UP: Migrants burning their feet, hole in pocket to reach their homes
Migrants are so desperate to reach home that many of them started their journey on foot while some exhausted their savings and a few borrowed to book a truck or other vehicles.
In the grip of poverty due to the lockdown, thousands of migrant labourers are on the road, returning to their respective homes either by bicycles, hitch-hiking or walking. This is happening because the hapless migrants, stuck in various states, have lost their jobs and also hope to get them back in the prevailing circumstances.
They are so desperate to reach home that many of them started their journey on foot while some exhausted their savings and a few borrowed to book a truck or other vehicles.

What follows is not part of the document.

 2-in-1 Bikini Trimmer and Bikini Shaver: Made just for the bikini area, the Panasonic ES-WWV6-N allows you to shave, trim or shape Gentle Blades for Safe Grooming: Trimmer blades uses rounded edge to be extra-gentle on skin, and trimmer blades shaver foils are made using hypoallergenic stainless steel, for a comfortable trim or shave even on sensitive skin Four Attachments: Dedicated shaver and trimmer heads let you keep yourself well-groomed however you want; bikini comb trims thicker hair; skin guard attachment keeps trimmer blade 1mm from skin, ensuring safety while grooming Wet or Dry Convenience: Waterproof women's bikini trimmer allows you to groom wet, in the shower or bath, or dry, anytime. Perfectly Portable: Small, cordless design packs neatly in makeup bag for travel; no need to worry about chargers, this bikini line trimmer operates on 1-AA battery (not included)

Despite the government’s efforts to arrange vehicles to transport them, the labourers can be seen moving on the road.
“Who wants to step out in such scorching heat. The government says ‘jahan ho vahin raho’ (stay where you are) but how can one live without food and money,” asked one Dinesh Kumar Gupta, who was on his way to Siddharthnagar district.
He was stopped by police at Khurramnagar crossing on Sitapur road and assured that his travel arrangements would be made.

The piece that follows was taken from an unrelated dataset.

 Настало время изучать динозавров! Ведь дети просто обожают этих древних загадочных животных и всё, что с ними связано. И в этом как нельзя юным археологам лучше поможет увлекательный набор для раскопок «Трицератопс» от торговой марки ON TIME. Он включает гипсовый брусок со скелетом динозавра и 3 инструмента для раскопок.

All vehicles at Kamta crossing in Lucknow are east-bound. Buses, trucks auto-rickshaws, motorbikes and bicycles are all carrying them home. Gorakhpur, Basti, Kushinagar, Gonda—all east UP districts—are their destinations. Some have to travel further to Patna, Madhubani and Darbhanga in Bihar. A few have to go beyond till West Bengal.
Sitting in a cramped auto-rickshaw one Sukumi Bano was looking for water. Bano worked as a housemaid in a high rise complex in South Delhi.

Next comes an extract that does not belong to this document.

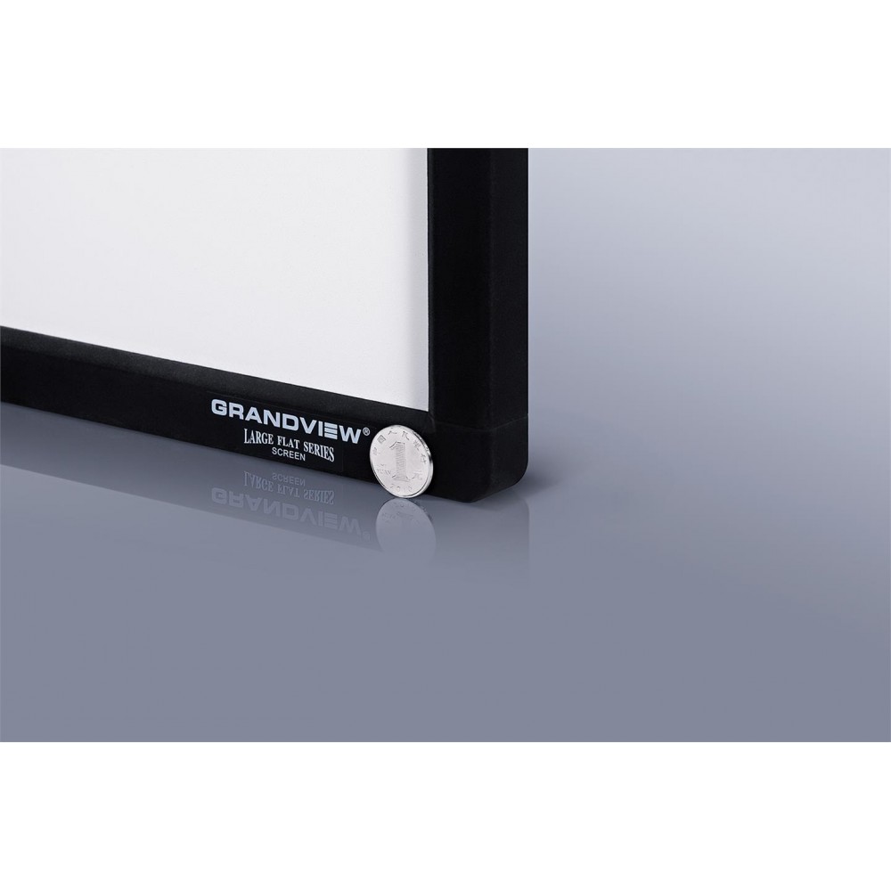 Rammelerret fra anerkjente Grandview med tynn sort ramme på kun 29 mm. Du velger størrelse mellom 80 og 150 tommer, og enten matt hvit eller matt grå fiberduk. Aspektet er 16:9. Rammen er i solid aluminium og du skrur enkelt sammen duk og ramme hjemme hos deg selv. Lerretet bygget lite ut fra vegg og ferdig montert gir lerretet inntrykk av å være en ordinær flatskjerm.

Her employers gave her some money last month but refused to help further. With no hope of joining work, she decided to return to her village in Madhubani with four other housemaids in the auto-rickshaw owned by her husband.
“The the journey is very hard but we had no other option. I don’t know what will happen to us. All I can think of now is home,” she said.
One construction worker Lallan Prasad, 55, of Bihar’s Motihari district said he had gone to Jammu on March 5.
“I stayed without food for four days after I exhausted all my savings. I borrowed some money from a contractor and reached Delhi and got a private bus that will drop me at Gorakhpur. I paid ?1000 for the journey,” said Prasad.
Gopal Singh is among the 10 persons who are on their way to Bihar’s Darbhanga district. He is annoyed with the Bihar government. “They left us to die,” alleged Gopal.